Fitch Ratings reported on Friday that the prospects for most sectors in North America are diminishing due to a slowdown in economic growth, increased unemployment, and stringent financial conditions.
"While U.S. growth exceeded expectations at 2.4% in 2023, we anticipate a decline to 1.2% in 2024, with a modest recovery projected for 2025," stated the report. "Despite a gradual easing, core inflation persists above central banks' 2% targets."
The rating agency identified key risks such as prolonged elevated interest rates, financial market fluctuations, constrained funding conditions, decelerating economic growth, and challenges to pivotal asset classes like real estate and structured finance.
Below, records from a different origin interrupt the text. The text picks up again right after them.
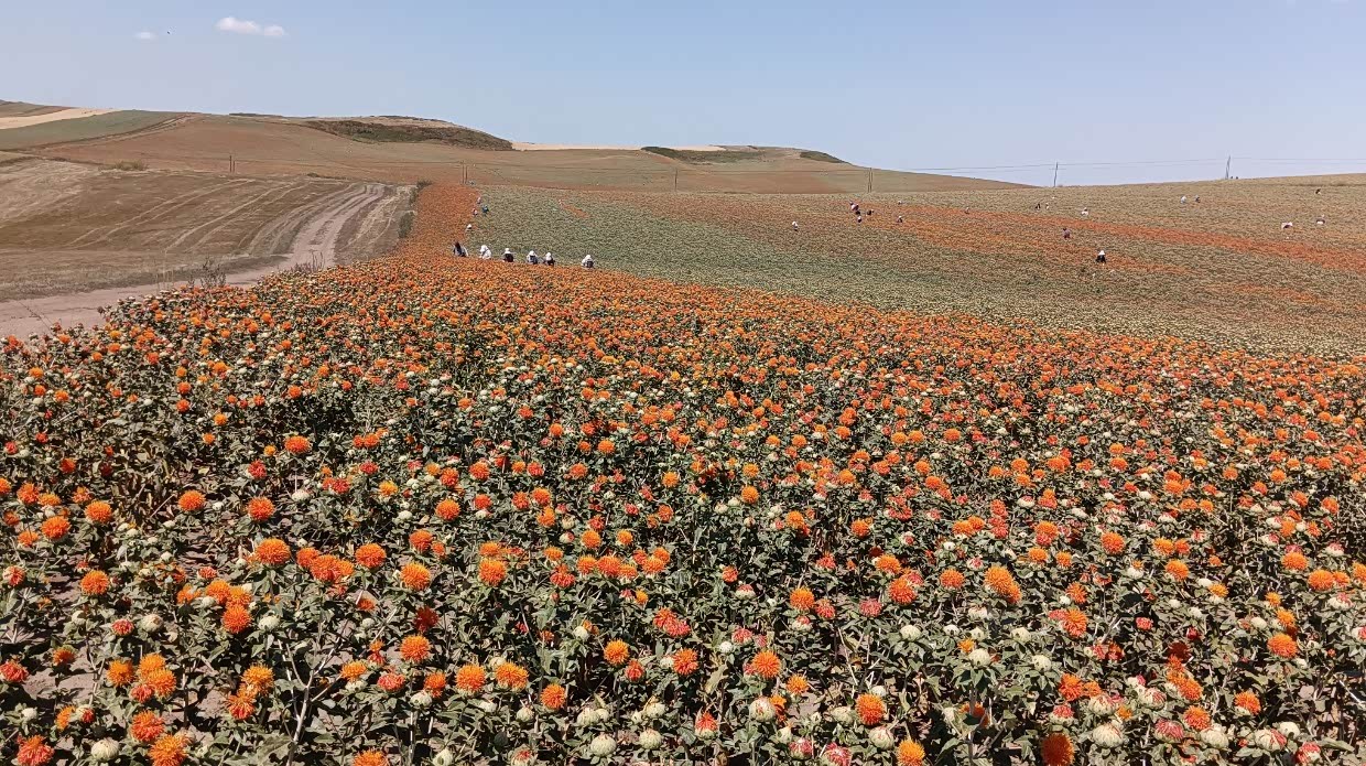 7月31日:早起去双塔公园舞龙,去农贸市场买了些青菜,饼等等。出发去塔城口岸。在免税商场买了奶粉,风干牛肉和奶制品。尔后向阿拉山口市进发。途中看到许多人在采摘红花。下午五点到了阿拉山口市,入住陕西商务酒店。上街买了牛肉和马奶。晚餐吃蒸牛肉,牛肉萝卜汤。
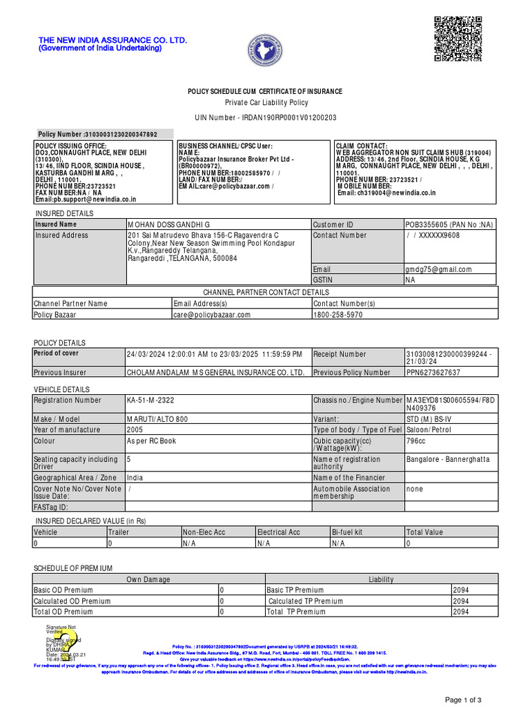 by DHIRAJ Policy No. : 31030031230200347892Document generated by USRPB at 2024/03/21 16:49:32.
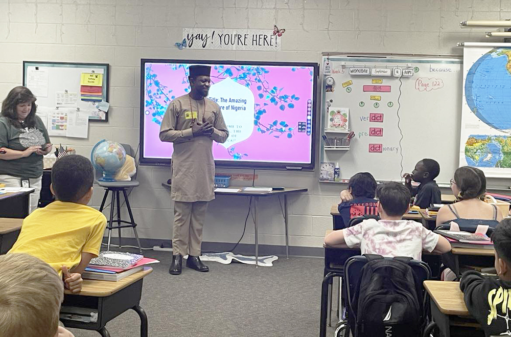 The outreach included the ATU international students saying hello to Russellville Intermediate School students in their native languages during morning drop-off and making classroom presentations. At Crawford Elementary, ATU international students made presentations about their homelands during a family cultural night.
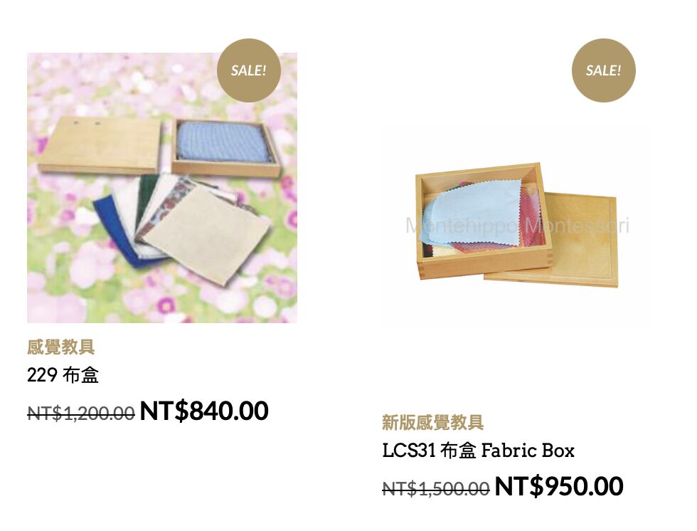 感官教具:包含視覺、觸覺、溫覺、重量覺、色覺等不同的感官教具,也有結合兩種或兩種以上感覺的教具。
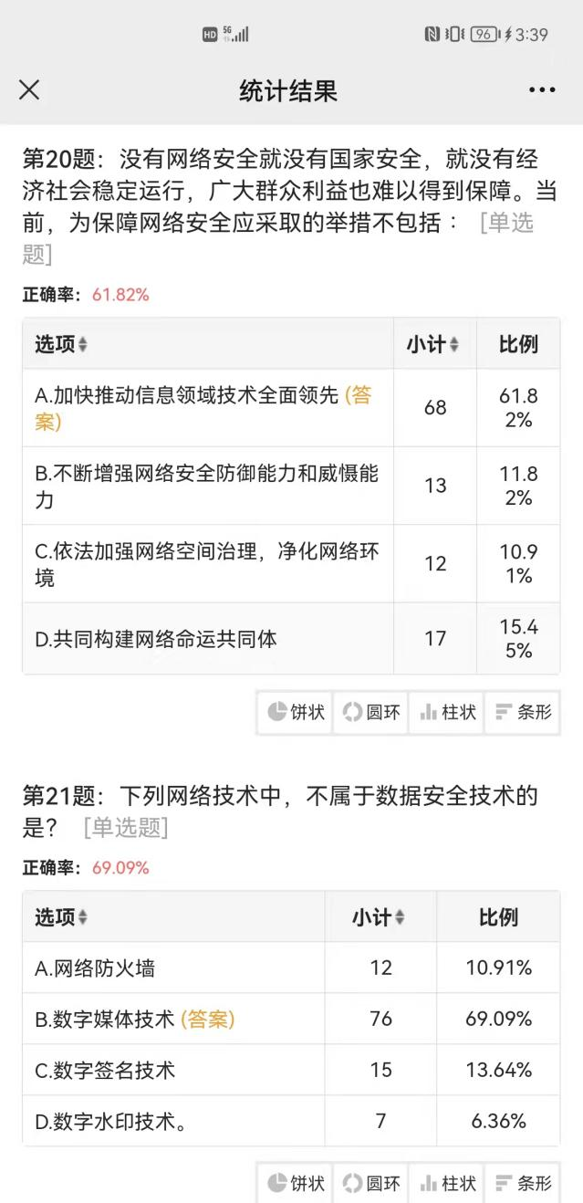 此次竞赛的内容涵盖了网络安全、网络诈骗、网络犯罪等多方面的知识,本次竞赛以选择题为主,指导员将试题通过问卷星小程序发布在微信群中,以方便同学们作答。同学们综合知识基础都比较牢固,对于网络信息安全知识的掌握也较全面。同学们都认真作答,争分夺秒,一个小时二十分钟后,竞赛落下帷幕。最终,来自应物一班的明晓茏同学获得冠军,蔡伟康获得亚军,黄舒琪获得季军。
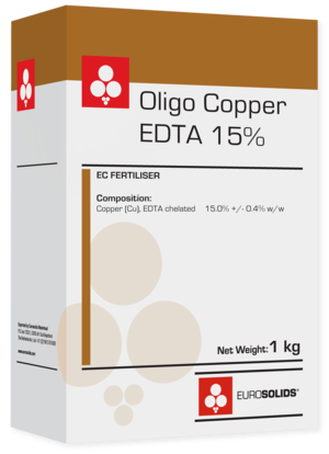Eurosolids Oligo Copper-EDTA 15% is a 100% chelated single micronutrient fertilizer of high purity. Thanks to the unique cluster-shaped microgranule, it is completely dust-free, flows easily and dissolves quickly. With its porous structure, the microgranule bursts from the inside out, leading to faster dissolution even in cold or hard water. Our product is not sensitive to caking in normal storage conditions. It is recommended to cure Copper deficiency in all crops.
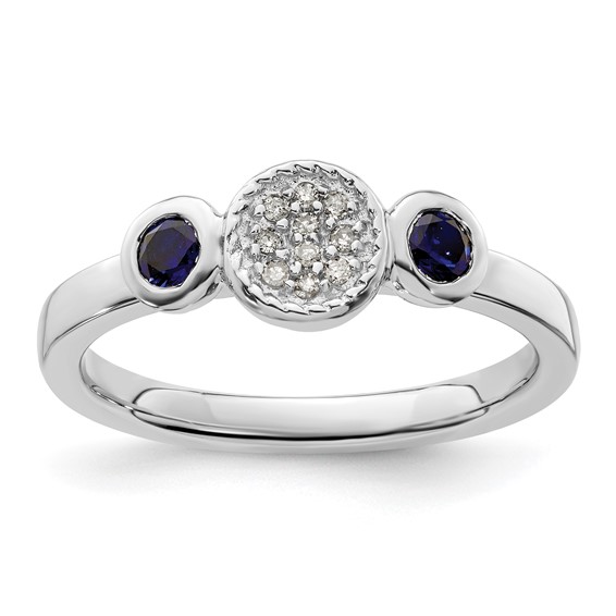 Sterling silver stackable ring has a cluster of diamond accents flanked by two round created sapphires. Diamond and created sapphire total weight: 0.05 and 0.28 carats respectively. Width: 2.25mm. Metal weight: 3.45 grams. Available in whole finger sizes only, 5-10. Imported. Part of the Stackable Expressions collection.

"Profits are diminishing across various sectors, with an anticipated further deceleration in demand as the economy adjusts to the delayed impact of heightened interest rates and tightening credit conditions," noted the report.
It highlighted that escalating unemployment and the increased cost of living pose significant challenges for consumer-oriented industries and asset classes, putting additional pressure on the asset quality and operating profits of U.S. banks.
Fitch expressed a neutral outlook for Canadian banks, noting their adaptation to the heightened rate environment. Meanwhile, the life insurance sector in the U.S. shows signs of improvement as insurers continue to benefit from elevated interest rates.